Maybe you can consider keep those organic inventory by yourself and adopting plastisol transfer method to your business.


----------



## Cinehope

Hi everyone ! 

I was looking for the same thing. For now i've found two shopify Print On Demand companies. 
1. Inkthreadable : It's based in UK and offers a good variety of organic products. 
2. Print Aura : They are based in the US and also offer organic products. 

Inkthreadable seems more affordable and easy to use for me. I haven't worked with any of these companies yet. I'm implementing Inkthreadable now since their app is easier. 

Hope it helps


----------



## Peacenik

I've read that their quality isn't that good. Has anyone used them? After doing some research, Printful has great quality, is highly recommended but don't carry Royal Apparel. They do however have suggestions and many people, including me, have asked them to carry their line. You can vote on it here:
https://www.printful.com/feature-request/1913/offer-royal-apparel-sweatshop-free-made-in-usa


----------



## walden

cnaughton said:


> I am also very interested in this topic and I have been unable to find a company to do POD and drop shipping using organic products.
> 
> I have contacted several companies and gotten no where. I have approached Gooten about starting to carry an organic line and will keep you posted.
> 
> Has anyone tried "inkthreadable?" They are based in the UK and offer an extensive line using a brand called "Continental Clothing." My concern with them is that they mentioned that on rare occasion my clients might be charged an additional fee for customs or something like that but this cannot be determined ahead of time. They have a great selection and works seemlessly with Shopify but I will loose customers if there are hidden additional fees.
> 
> Has anyone used them?
> 
> Please keep this thread posted if you find a vendor.
> 
> Thank you!


I have used Inkthreadable through my Shopify store as I also am on the hunt for an organic/sustainable brand of POD clothing. The Continental Clothing t-shirts they use are really nice and carry the Earth Positive certification label (even though they don't tell you that). They are also Fair Wear Accredited.
However, they are not efficient with orders. If I didn't email them to see if my orders were actually happening, they wouldn't have gone out...and I had paid for them!
Their customer service is quick and courteous but again...no good if there is such a disconnect.
I have decided not to use them for a while because I just don't have time to be chasing up orders like that.


----------



## Deerharry

I am also interested to hear what options become available for organic tees.


----------



## janeth

alohamom said:


> Sonya, I'm curious how you've done with sourcing the organic apparel? Are you also trying for eco-friendly printing inks? It seems like eco-inks or non-vinyl prints are pretty rare even on organic clothing.


----------



## BeeCharmer

Chiming in to follow the thread. I'm set up to do a rudimentary DIY eco-friendly print process. But I'm leaning heavily towards finding an eco-friendly pro printer. My entire brand is centered on environmentally conscious practices. "Clean environment, dirty mind."

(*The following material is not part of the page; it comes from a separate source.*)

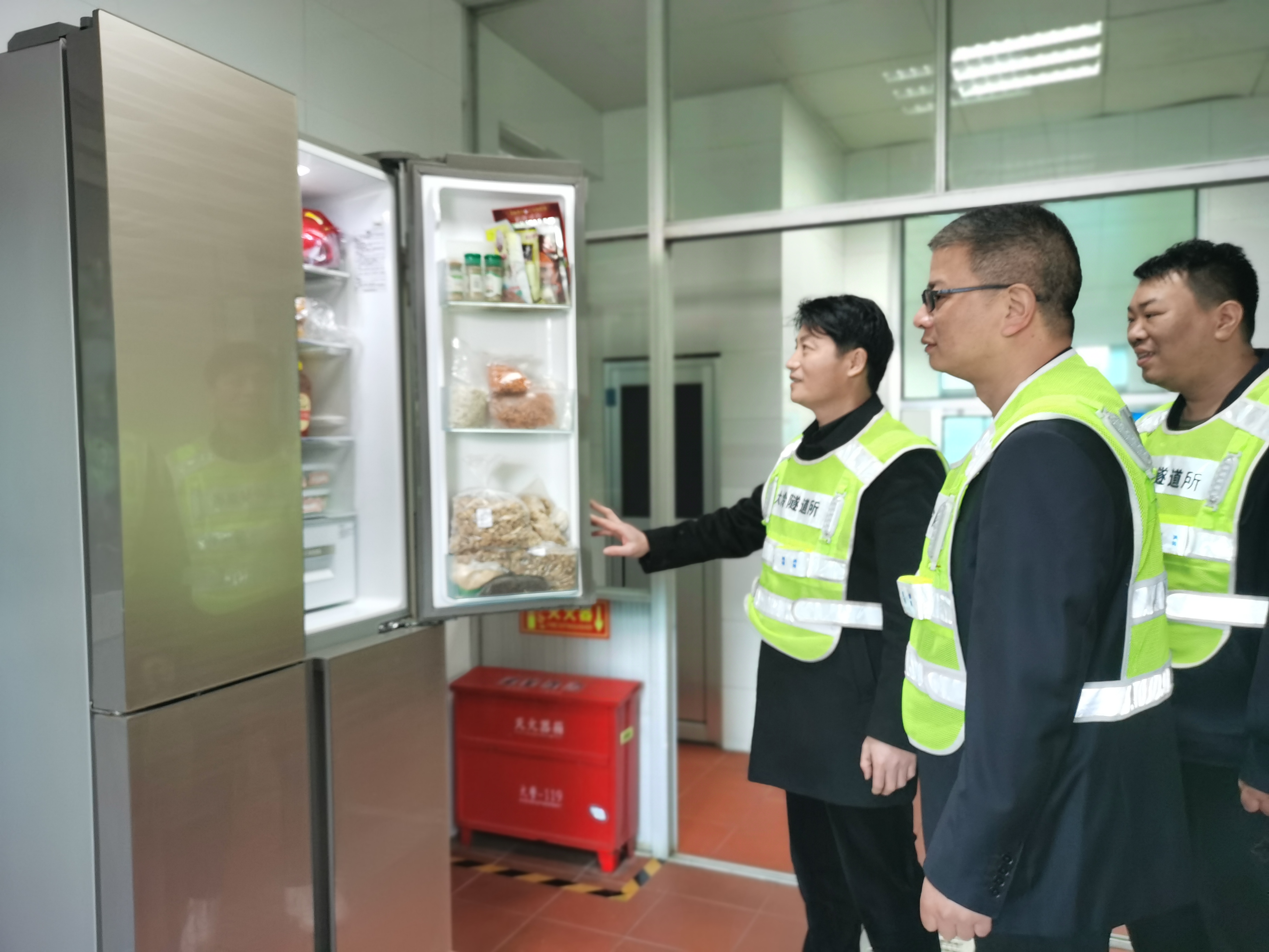 圖為檢查組在食堂檢查 此次節(jié)前安全大檢查活動(dòng)能夠消除隧道安全隱患,為節(jié)日期間高速隧道的安全暢通也提供了有效保障。 陳智慧

I'm going to get a quote from Ashevillescreenprinting.com.

Also, has anyone checked out Recover brand shirts? They're based out of Charlotte, NC and have extremely affordable wholesale prices, and low minimum order. 100% recycled materials make up the fabric. I have one, and it's seriously my favorite tshirt! I'd like to use their products, but nobody seems to list them as stock. recoverbrands.com


----------



## j.c.

Hi., Everyone. I'm j.c. from Miami, FL., USA. I've been researching to find a solid sustainable products POD in the US. I looked throughout this forum, plus elsewhere and have been having trouble finding one that carries a wide variety of eco-friendly/organic products in a bunch of colors, ships quality POD fast and is competitively priced. I viewed this forum( joined) and was wondering since its now 2019 and no one has followed up much, has anyone found a great eco-friendly, POD source in the United States?


----------



## Genie100

alohamom said:


> Hello all, just a quick update on my search for print on demand with organic/sustainable blanks.
> 
> So far, I have found that Heritage Screen Printing in PA does DTG/POD fulfillment using some sustainable blanks (econscious, Alternative, American Apparel). I had a helpful conversation with Steve, who seemed very customer friendly and understanding. I like that they also do screen printing and embroidery and have a full service art department. This may be perfect for any of you looking to print on sustainable garments. However, their catalog of sustainable blanks DOES NOT contain any infant/toddler apparel which is problematic for my business. Royal Apparel has a good line of sustainable infant wear and we talked about how we could work it out. Because Royal Apparel doesn't have many free freight options, it would require me to more or less keep an inventory of RA stock with them -- which defeats much of the beauty of POD.
> 
> Similarly, I also spoke to a lovely gal from ANA Custom Products in Georgia and they could do DTG POD fulfillment using Royal Apparel, but again, it would require a sort of limited RA inventory with them. ANA seems to have better cost margins for me, so I may end up doing my baby things with them and maybe working through Heritage for the adult POD, sustainable apparel.
> 
> Great Apparel for You in Chicago also said they could work out an inventory arrangement on Royal Apparel blanks. Again, this is not the POD model I was looking for.
> 
> E. Kleinbard which actually shows Royal Apparel on their blank catalog never returned my email/phone call.
> 
> The Printful does have 2 adult American Apparel tshirts in its DTG/POD catalog. Not the nicest styles, not great range or the quality of, say, the Royal Apparel line. But they exist. And the nice thing about the Printful is that it is already fully integrated with Shopify and you can upload designs straight through the Shopify app. Fulfillment seems pretty seamless; the other companies would require that I fill out an external form to send them and upload print files through Drop Box or the like. The Printful is just really easy an simple. Trade offs. Heritage is working on some sort of ecommerce integration, perhaps through Ship Station.
> 
> I am still trying to figure this out and will need to send sample designs to each organization I'm considering to see if I can depend on the quality. Printful made it easy to get their RGB templates on both black and white shirts so I can color correct my png files. ANA Custom Products and Heritage said they could do something similar but it takes more than just a couple clicks of the mouse to get those things handled so I'm behind on that work.
> 
> Hope that helps!


would you be willing to share what you've done eventually?
Thanks!


----------



## SharnayG

We use Scalable Press for our On Demand Stuff. However, we don't usually print Organic. But a quick search of their website shows organic products, but no Royal Apparel products. We used to print for someone who used a lot of Royal Blanks, they have some great product. Seems like there are a quite a few people interested in doing the same thing, perhaps you should form a buying co-op of some sort.. Good luck.


----------